La lutte contre l’oïdium est prioritairement préventive. L’installation discrète de la maladie nécessite une lutte précoce sans relâche.

 

Oïdium de la vigne : démarrer tôt

L’oïdium est une maladie qui s’installe discrètement. Deux à trois semaines s’écoulent entre la première contamination et l’observation des premières tâches. Pour sécuriser la protection, il est donc nécessaire de démarrer la protection :

  • dès 2-3 feuilles pour les parcelles à drapeaux,
  • dès 5-6 feuilles pour les parcelles les plus sensibles (en fonction de l’historique)
  • dès 8-10 feuilles pour les autres.

« Vouloir supprimer les premiers traitements, c’est laisser l’oïdium s’installer et prendre le risque de « courir » après la maladie avec des produits curatifs tout au long de la saison » explique Jean-Baptiste Drouillard, expert vigne chez Syngenta. Pour les parcelles à drapeaux, choisissez un produit ayant une action curative sur l’oïdium, de même pour les parcelles à risque (cépage sensible, attaque importante l’année précédente, forte vigueur …). En situation de pression normale, le démarrage du programme peut se faire avec du soufre mouillable (Thiovit Jet microbilles). A noter que Thiovit Jet microbilles est homologué contre l'excoriose et l'érinose, autant d’actions intéressantes en application précoce.

Oïdium de la vigne : maintenir la protection jusqu’à la fermeture de la grappe

Par la suite, il faut respecter strictement les délais de renouvellement et les resserrer si nécessaire. « La lutte anti-oïdium ne doit pas être relâchée sous prétexte que la pression mildiou est moins forte » souligne Jean-Baptiste Drouillard. Il faut être particulièrement vigilant sur la période très sensible floraison-fermeture de la grappe et ne pas hésiter à resserrer les cadences. Au-delà de la continuité de la protection, la qualité de pulvérisation (en particulier sur la zone des grappes) doit être très soignée et des produits haut de gamme doivent être retenus.
Lire l'article Pulvérisation : des tests révélateurs

Fin de protection, de la fermeture de la grappe à la véraison

La poursuite de la protection se décide en fonction de la fréquence d’attaque, de la pression de l’oïdium, de la sensibilité du cépage et de l’historique de la parcelle. En pratique, cela se traduit par un arrêt possible dès fermeture de la grappe pour des parcelles peu sensibles à un arrêt à la véraison en cas de fortes attaques en situation sensible. Pour ces applications, le soufre mouillable est bien adapté.

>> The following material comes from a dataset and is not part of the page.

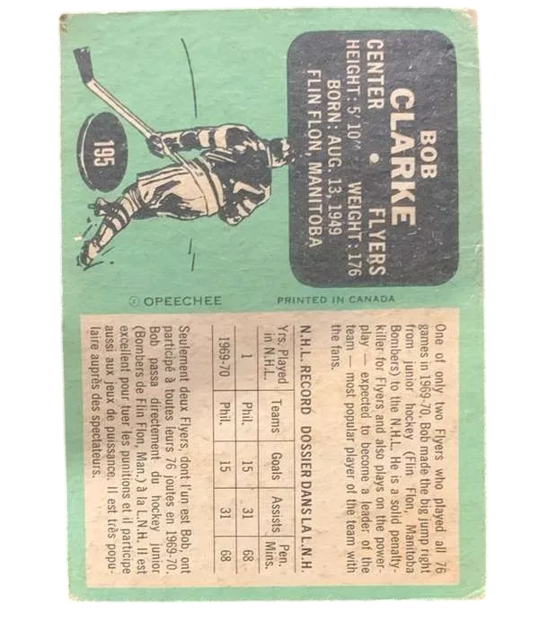 Experience a piece of hockey history with the #195 Bob Clarke rookie card from the 1970-71 O-Pee-Chee set. This iconic sports trading card features the legendary Philadelphia Flyers player, capturing the essence of his debut in the National Hockey League (NHL). A must-have for any serious collector, this card is a tribute to Clarke's impactful entry into the sport. Crafted in Canada, this vintage card is a genuine piece of the 1970-71 season, produced by the renowned manufacturer O-Pee-Chee. It's not just a collectible; it's a snapshot of Bobby Clarke's storied career and a cherished keepsake for fans of the game and collectors alike.
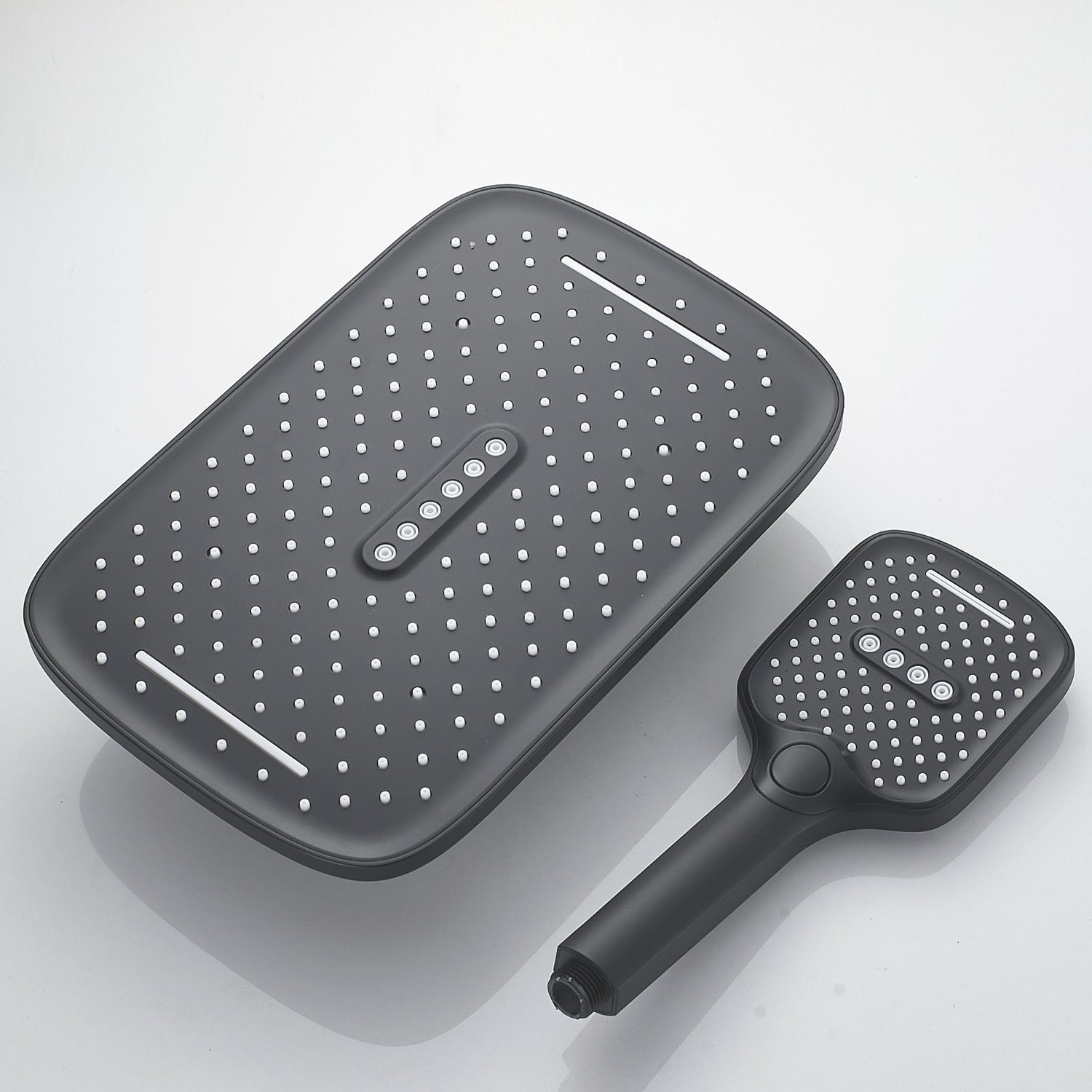 Верхний душ размером 310x210 мм из ABS-пластика легко регулируется по наклону благодаря встроенному шарниру. Он также оснащен самоочищающимися силиконовыми форсунками, которые защищают его от известкового налета, обеспечивая всегда чистый и сильный поток воды.

Oïdium de la vigne : alterner les types de substances actives 

Pas moins de neuf familles chimiques(1) et deux extraits de végétaux(2) permettent de lutter contre l’oïdium. Cette grande diversité est un atout pour maîtriser cette maladie.  Néanmoins, le mode d’action et l’utilisation de certaines familles ont entraîné l’apparition de résistances qui ont conduit les professionnels et les sociétés concernées à des recommandations de prudence (limitation du nombre de traitements à 2 ou 3 pour certaines familles) et d’alternance des familles chimiques.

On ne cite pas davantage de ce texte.